WHAT THE TASK ASKS: Output the data unchanged and complete, minus the images.
-------- GIVEN ENTRIES
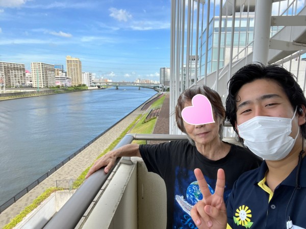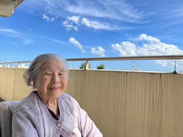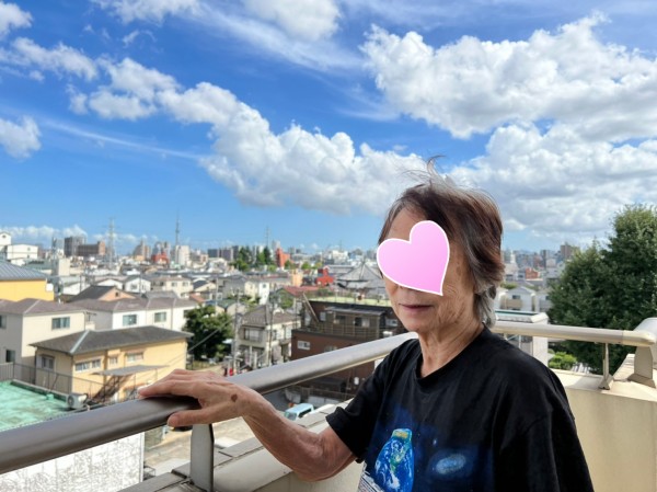 ベランダ散歩、初のご入居者様も気持ち良く歩かれます。
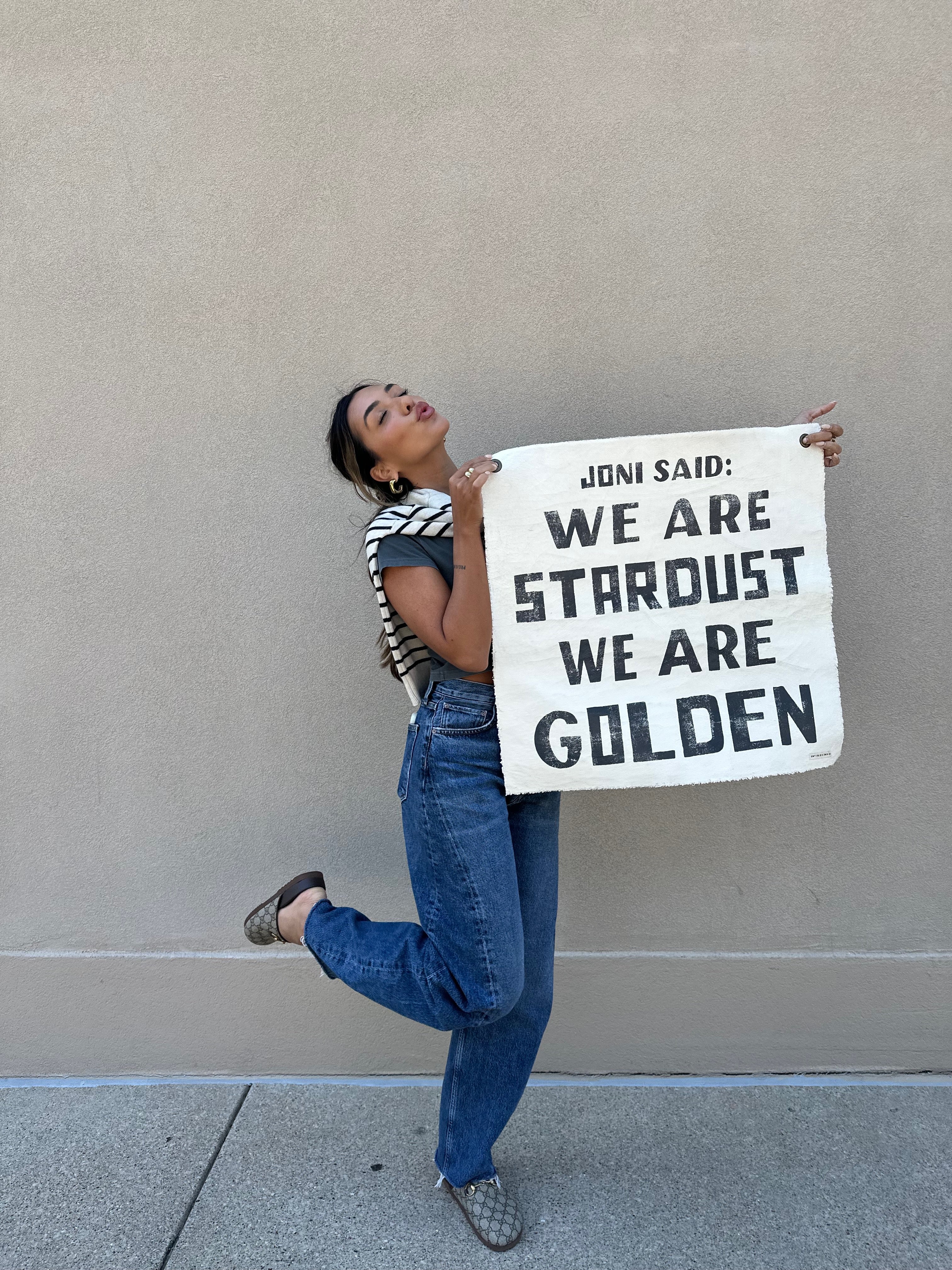 Embrace your uniqueness with our "We Are Stardust We Are Golden" wall hanging. Featuring the iconic quote from Joni Mitchell, this daily dose of inspiration will remind you to follow your dreams and stay true to yourself. Perfect for any space, let it infuse positivity and pep into your everyday life!
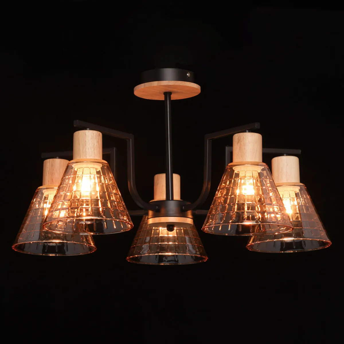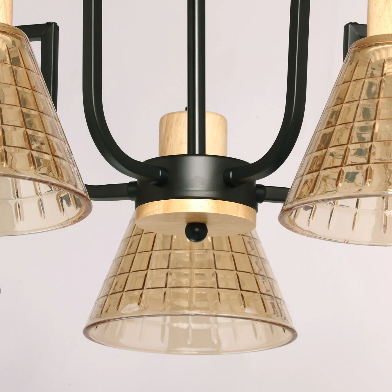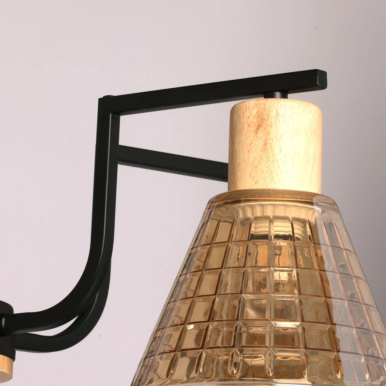 Основание/ металл/ черный Плафон/ стекло/ шампань Декор/ дерево/ натуральное
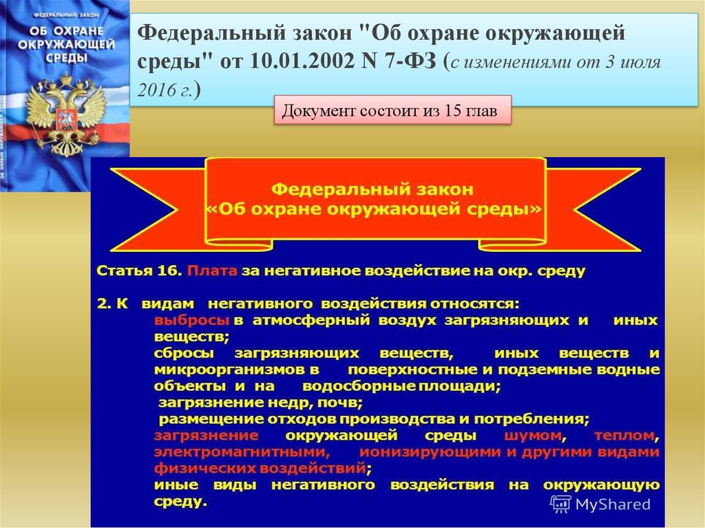 Федеральный закон "Об охране окружающейсреды" от 10.01.2002 N 7-ФЗ (с изменениями от 3 июля
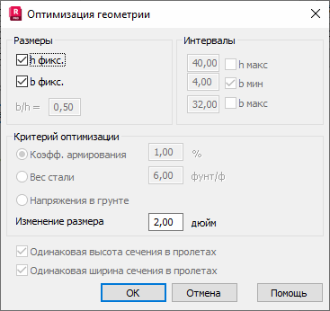 В случае многопролетной балки может быть наложено дополнительное ограничение оптимизации: требование одинаковых поперечных размеров в отдельных пролетах. Можно ограничить изменения одного или обоих размеров.
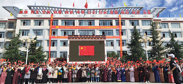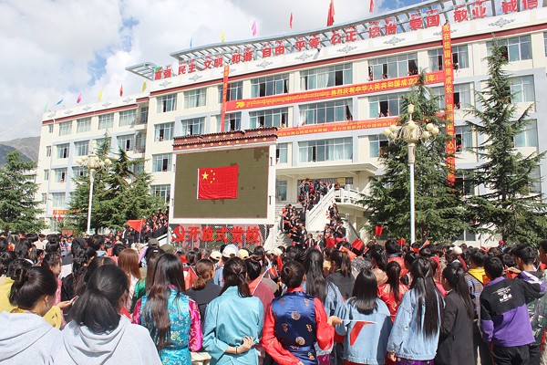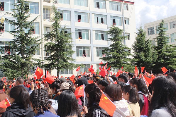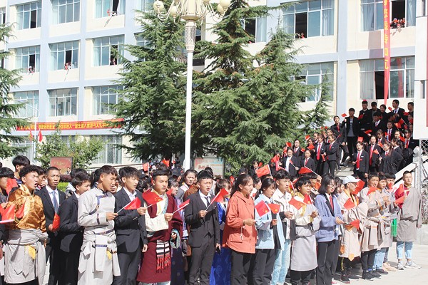 国庆节前夕,西藏职业技术学院内挂满了国旗,身着藏族服饰的拉姆老师缓步经过大屏幕,望着屏幕上高高飘扬的五星红旗,拉姆老师情不自禁地唱起了“五星红旗迎风飘扬,胜利歌声多么嘹亮……”激昂而富有感染力的歌声顿时吸引了广场上的人群,一曲经典的《歌唱祖国》将学校师生汇聚到了一起,鲜艳夺目的告白横幅从教学楼悬空而下,手拿小国旗的同学们从教学楼窗口探出头来,挥动着手中的国旗为广场的歌声增添色彩,高昂的歌声响彻校园,鲜红的国旗“红”遍校园。与此同时,校园绿茵场上新生军训方队不断变换出国旗、党徽、和“70”的图案,方队旁边国旗护卫队列出巨幅国旗,同学们用精神饱满的姿态、整齐划一的动作表达着他们对祖国的真挚祝福。
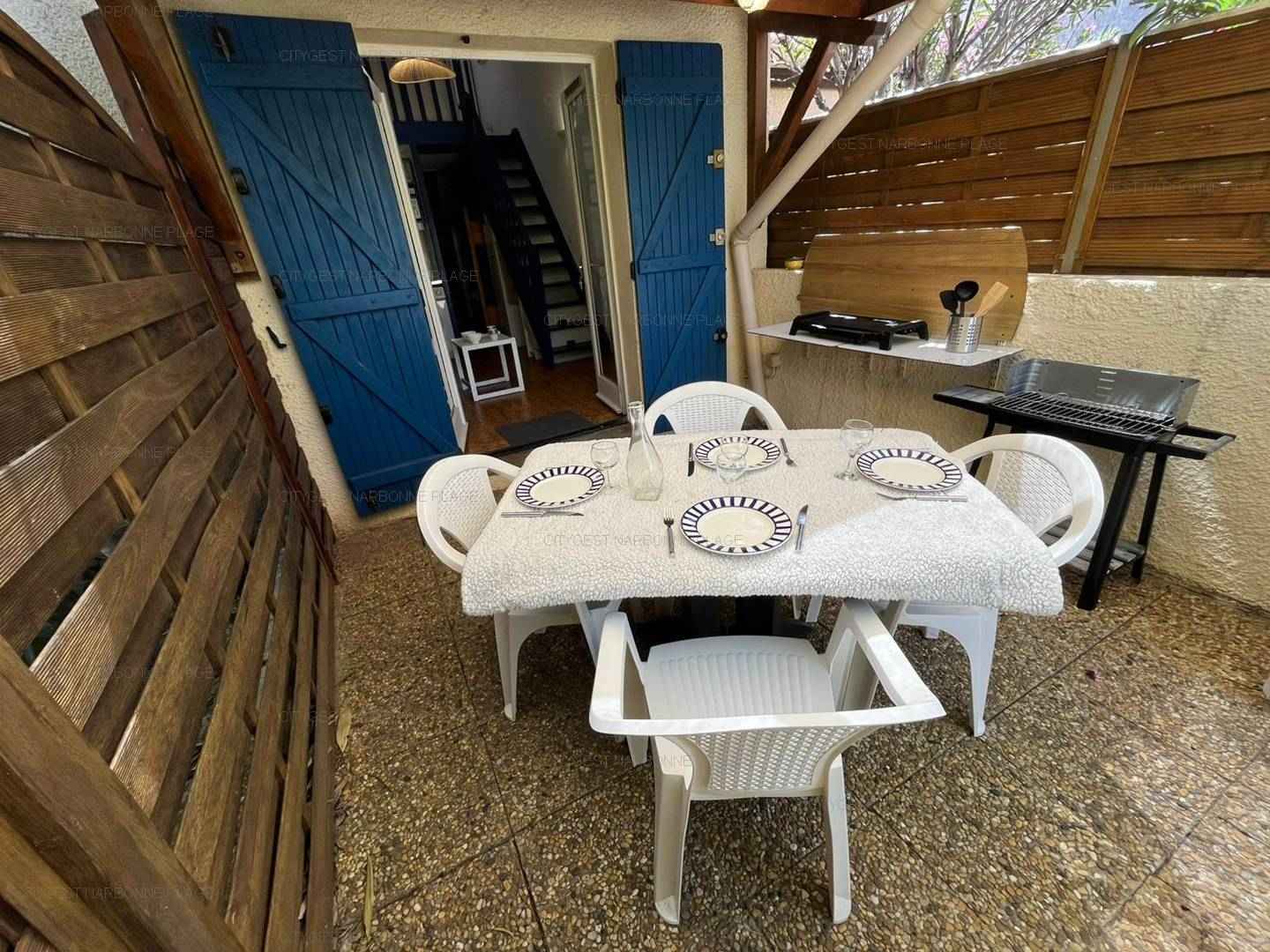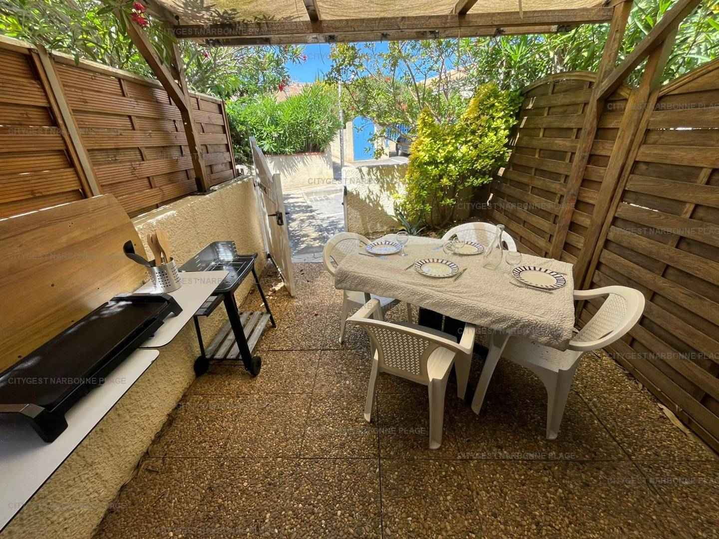 Terrasse privative avec salon de jardin.
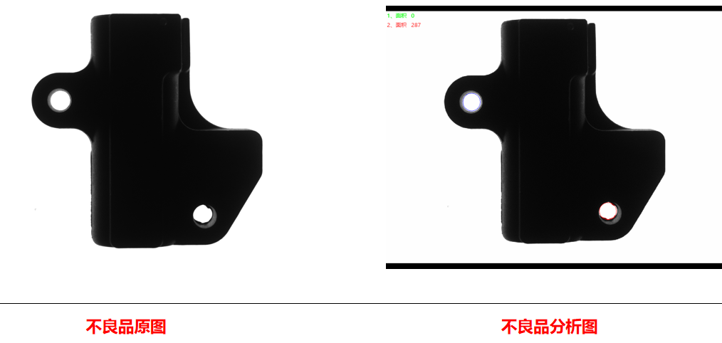 相機4側(cè)面背光檢測不良品分析圖:NG    結(jié)論:AI可檢                       檢測特征:孔內(nèi)毛刺
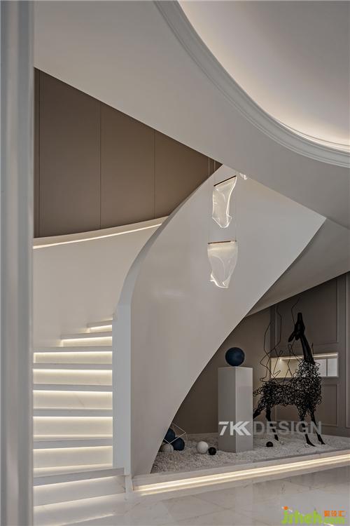 楼梯扶手与台阶都嵌入暗藏视灯带,使得空间充满高级感,楼梯的层次感瞬间不一样,同时也让上楼梯都有了满满的仪式感!
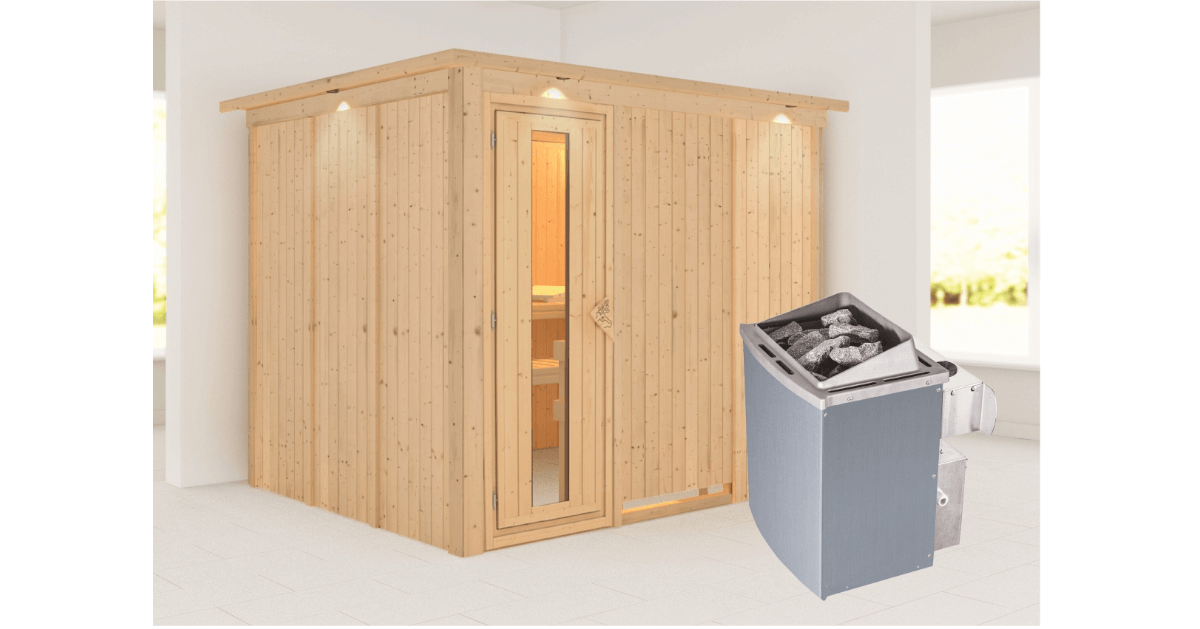 Karibu 68mm Systemsauna Gobin mit Dachkranz + 9kW Saunaofen mit integrierter Steuerung
----------------
OUTPUT OF THE EXERCISE:
 ベランダ散歩、初のご入居者様も気持ち良く歩かれます。
 Embrace your uniqueness with our "We Are Stardust We Are Golden" wall hanging. Featuring the iconic quote from Joni Mitchell, this daily dose of inspiration will remind you to follow your dreams and stay true to yourself. Perfect for any space, let it infuse positivity and pep into your everyday life!
 Основание/ металл/ черный Плафон/ стекло/ шампань Декор/ дерево/ натуральное
 Федеральный закон "Об охране окружающейсреды" от 10.01.2002 N 7-ФЗ (с изменениями от 3 июля
 В случае многопролетной балки может быть наложено дополнительное ограничение оптимизации: требование одинаковых поперечных размеров в отдельных пролетах. Можно ограничить изменения одного или обоих размеров.
 国庆节前夕,西藏职业技术学院内挂满了国旗,身着藏族服饰的拉姆老师缓步经过大屏幕,望着屏幕上高高飘扬的五星红旗,拉姆老师情不自禁地唱起了“五星红旗迎风飘扬,胜利歌声多么嘹亮……”激昂而富有感染力的歌声顿时吸引了广场上的人群,一曲经典的《歌唱祖国》将学校师生汇聚到了一起,鲜艳夺目的告白横幅从教学楼悬空而下,手拿小国旗的同学们从教学楼窗口探出头来,挥动着手中的国旗为广场的歌声增添色彩,高昂的歌声响彻校园,鲜红的国旗“红”遍校园。与此同时,校园绿茵场上新生军训方队不断变换出国旗、党徽、和“70”的图案,方队旁边国旗护卫队列出巨幅国旗,同学们用精神饱满的姿态、整齐划一的动作表达着他们对祖国的真挚祝福。
 Terrasse privative avec salon de jardin.
 相機4側(cè)面背光檢測不良品分析圖:NG    結(jié)論:AI可檢                       檢測特征:孔內(nèi)毛刺
 楼梯扶手与台阶都嵌入暗藏视灯带,使得空间充满高级感,楼梯的层次感瞬间不一样,同时也让上楼梯都有了满满的仪式感!
 Karibu 68mm Systemsauna Gobin mit Dachkranz + 9kW Saunaofen mit integrierter Steuerung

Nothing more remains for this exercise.